-- STORED DATA --
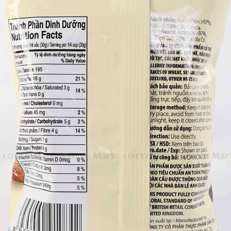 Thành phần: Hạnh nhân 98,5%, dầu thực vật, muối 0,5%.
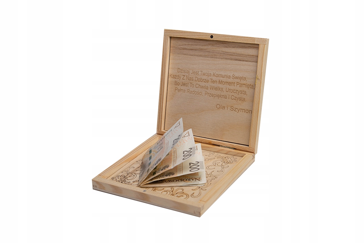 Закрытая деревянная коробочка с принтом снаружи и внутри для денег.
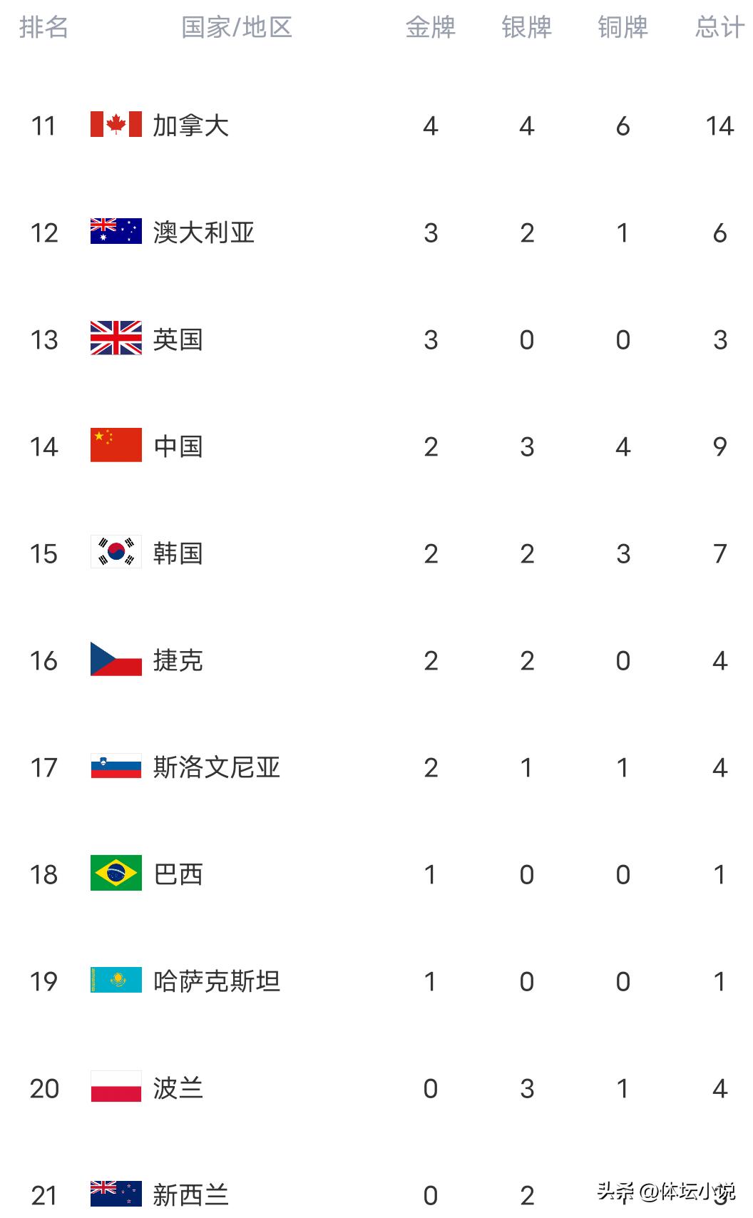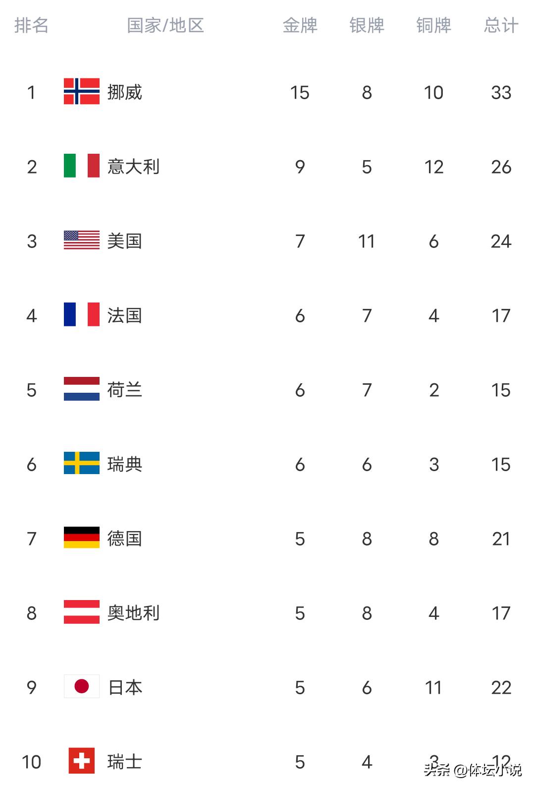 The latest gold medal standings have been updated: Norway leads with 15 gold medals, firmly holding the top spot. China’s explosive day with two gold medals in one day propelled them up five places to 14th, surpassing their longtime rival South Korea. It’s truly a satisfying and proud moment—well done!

-- YOUR TASK --
Without including any picture, write out the material above exactly.

-- ANSWER SPACE --
 Thành phần: Hạnh nhân 98,5%, dầu thực vật, muối 0,5%.
 Закрытая деревянная коробочка с принтом снаружи и внутри для денег.
 The latest gold medal standings have been updated: Norway leads with 15 gold medals, firmly holding the top spot. China’s explosive day with two gold medals in one day propelled them up five places to 14th, surpassing their longtime rival South Korea. It’s truly a satisfying and proud moment—well done!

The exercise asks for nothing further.